Нерешительно переминаясь с ног на ногу и боязливо оглядываясь, сбившаяся в невнятную толпу шеренга медленно начала выравниваться. Царило молчание.
— Правило второе: субординация. Правило третье: концентрация. Накануне дежурства и на вахте никакого алкоголя, азартных игр, излишне любвеобильных девиц и прочих отвлекающих факторов.
Тишина прервалась несколькими разочарованными вздохами и свистом, а затем из передней шеренги донеслось:
— Ты не представился, брат!
Я повернулся к источнику звука и полдюжины бойцов в дальнем конце ряда, чье самодовольство и спесь не пострадали под грязевым фонтаном, захихикали себе в кулаки.
— Выйти из строя, — скомандовал я и двинулся к судорожным всхлипам едва сдерживаемого смеха.
Одним ленивым медленным шагом из шеренги выступил долговязый и широкоплечий детина. Он ухмылялся одним краем рта и с задором косился на своих веселящихся дружков. Я в несколько широких шагов сократил расстояние между нами и резко выкинул кулак ему прямо в кадык. Удар был точным и достаточно тяжелым, чтобы в течение нескольких минут вдохнуть и выдохнуть из-за спазма и боли было невозможно, а следующие несколько дней горло саднило, но не настолько сильным, чтобы стать смертельно опасным. Хватаясь за шею и разинув рот в попытке хрипло вдохнуть, долговязый повалился в размокшую почву.
Я обернулся к одному из внезапно посерьезневших весельчаков.
— Повтори второе правило, — проскрипел я ему прямо в перекосившуюся от непонимания и испуга физию.
— Су… бординация, — рефлекторно сглотнув в страхе повредить свой кадык об мою злость, ответил боец. Я кивнул.
— Верно. Правило номер четыре: нарушение какого-либо из правил влечет за собой немедленное наказание.

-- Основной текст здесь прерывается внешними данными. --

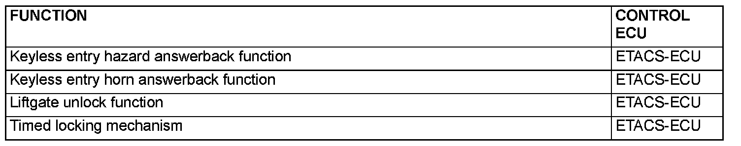 After unlocking the doors with the keyless entry transmitter, if no doors are opened, if the ignition key is not inserted or if the locking function is not operated, the ETACS-ECU automatically locks the doors in 30 seconds.

========== Глава 15. ==========
План был наивно прост. Он состоял в следовании привычному графику и обычному поведению, основывался на знании слепых зон камер наблюдения и умении Рыжей заводить друзей. Как и всегда, мы начали утро с совместного завтрака в немноголюдной в столь ранний час столовой.
Эд сидела напротив и традиционно налегала на кофе, поверх чашки поглядывая на Эмми, сосредоточенно несущую ко рту ложку каши. Я кромсал и перемешивал в тарелке яичницу, не в состоянии заставить себя есть. Внизу живота морозной тяжестью застряло тревожное чувство, от которого я пытался избавиться ещё ночью, но оно осталось даже после непродолжительного чуткого сна и продолжало усиливаться. Рыжая перевела взгляд с дочери на меня и улыбнулась, словно видя меня насквозь.
— Не голоден? — тихо осведомилась она, и я невнятно мотнул головой в ответ. Эд кивнула и продолжила: — Мне тоже кусок в горло не лезет. Странно, в кого у Эмми такой аппетит по утрам?
Её звали Эмеральд, ей было четыре, и её зеленые глаза — цвета кристально чистого, яркого драгоценного изумруда, в честь которого мы и назвали Кроху — сосредоточили свой взгляд на тарелке. Там она неотступно пыталась поймать в ложку темную горошину ягоды, болтающуюся на дне. Выбившись из-за уха, прядь вьющихся золотых волос то и дело спадала на лицо, и Эмми раздраженно откидывала её назад, по-деловому поджимая губы.
— Эм, Крошка, — негромко позвал я. Вокруг сновали сонные бесстрашные, в очереди у линии раздачи маялись несколько новичков, мне не хотелось привлекать их внимание к нам. Дочь послушно подняла голову, оставив свою захватывающую охоту.
— Да, папочка? — отозвалась она.
— Я люблю тебя, — поддавшись порыву, сказал я и краем глаза заметил, как переменилась в лице Рыжая. Эмми широко улыбнулась. В её ещё румяных ото сна щечках проступили две очаровательные ямочки.
— И я тебя, — весело ответила она и, все так же лучезарно улыбаясь, вернулась к поимке ягоды.
— Эрик?
Мне казалось, стоит мне отвести взгляд от дочери и взглянуть на вмиг осунувшуюся Эд, я потеряю над собой контроль и почву под ногами.
— Все будет хорошо, Рыжая, — как можно тише сообщил я. В её глазах читался немой вопрос. — Все будет так, как будет.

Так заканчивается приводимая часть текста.